Ask any independent school graduate, and they are likely to say that the relationships with adults were the high points of their experience. “My teachers cared so much” is a phrase we hear over and over again--more than excitement about particular courses. Often enough, that caring was expressed in advisory meetings or on the playing field or the stage or at the club meeting. Running a close second is the peer camaraderie developed on those teams, those ensembles, or those clubs. All of these, you will note, presuppose a physical presence, relationships developed working and playing shoulder to shoulder with other human beings.

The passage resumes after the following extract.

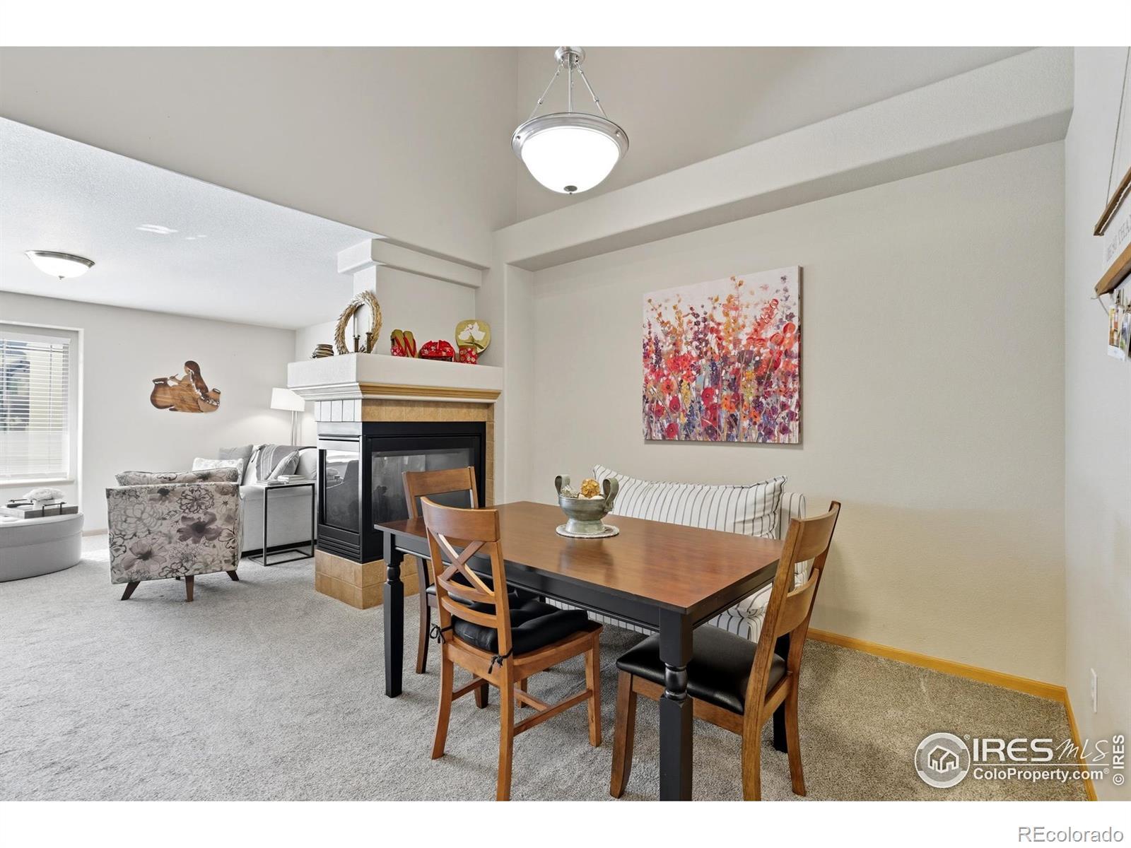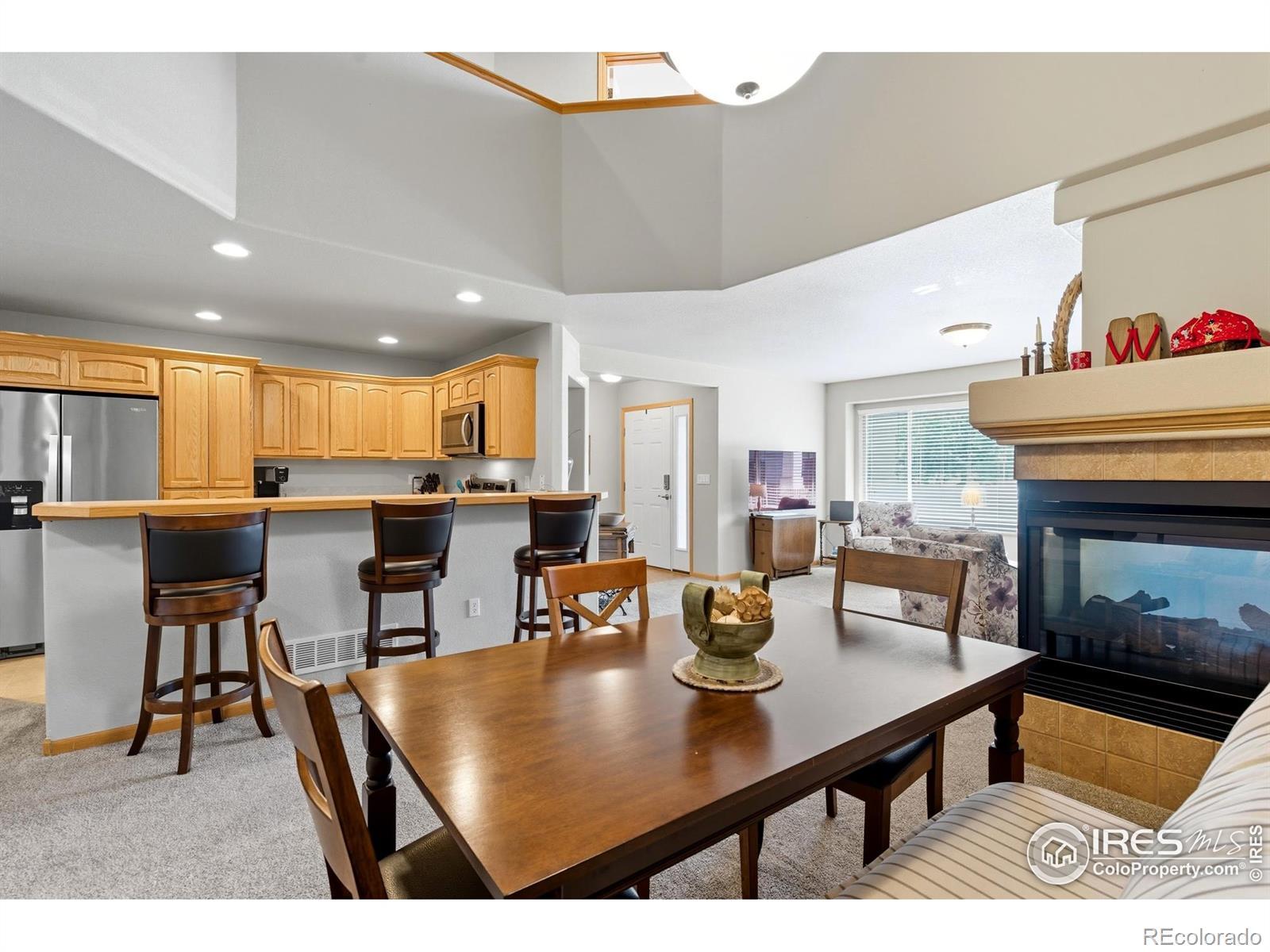 This charming townhome-style condo in Southeast Loveland is a true gem that will instantly feel like home! From the moment you step inside, you'll notice the thoughtful details throughout: a welcoming front porch, large sun-filled windows, a cozy multi-sided fireplace, arched doorways, a raised breakfast bar, and vaulted ceilings. The Master bedroom features a large 5pc master bath, walk-in closet, and a very unique private rooftop patio, just for you, right outside your sliding glass doors! The wide upper hallway has an open overlook enhancing the home's spacious, open-concept feel. Enjoy peace of mind with pristine carpet throughout (just 5 years old with no pets!), a new furnace, new A/C, and scheduled exterior painting this fall-already covered by the HOA. The attached 2-car garage adds convenience, and the full unfinished basement offers endless potential for future expansion. This neighborhood truly stands out, offering amenities that many communities don't! Relax at the pool, host friends in the clubhouse, and enjoy the friendly, well-maintained surroundings. With shopping and dining just minutes away and quick access to I-25 for an easy commute, this home is move-in ready and waiting for you. Don't wait, make this beautiful condo yours today!

My fuzzy vision of the School of the Future, then, is blended in ways that accomplish these critical relational tasks and yet harness technology where it might yield the most value. My even fuzzier math suggests that this vision could mean lower costs, hence (for private schools) lower tuitions, but that’s another discussion. And you’ve seen some of this before, I’m sure; we all read a lot of futurists these days.
Imagine a school--I’m going to stick with secondary here, as I haven’t quite worked this out for younger students--that offers core functions including a somewhat stripped-down, even generic curriculum: for ninth graders, for example, Language Arts 9, Math 9, History 9, and Physics 9. There are advisors, clubs, and required sports or participatory arts offerings--the basic components of the community and “character ed” programs that are fundamental to most independent schools. The courses are reduced to pretty bare bones--basic facts, understandings, skills--with an emphasis on the types of thinking and systems connected with each.
We’ll offer languages online at all levels, although we could have regular discussion groups for languages in which there is a critical mass--maybe even discussions with native speakers from the local community.
The arts are a bit more of a challenge. Perhaps we might offer a menu of foundation courses, with a required module around the creative process. Advanced work could be online, through projects (see below), or even through internships/apprenticeships with local artists.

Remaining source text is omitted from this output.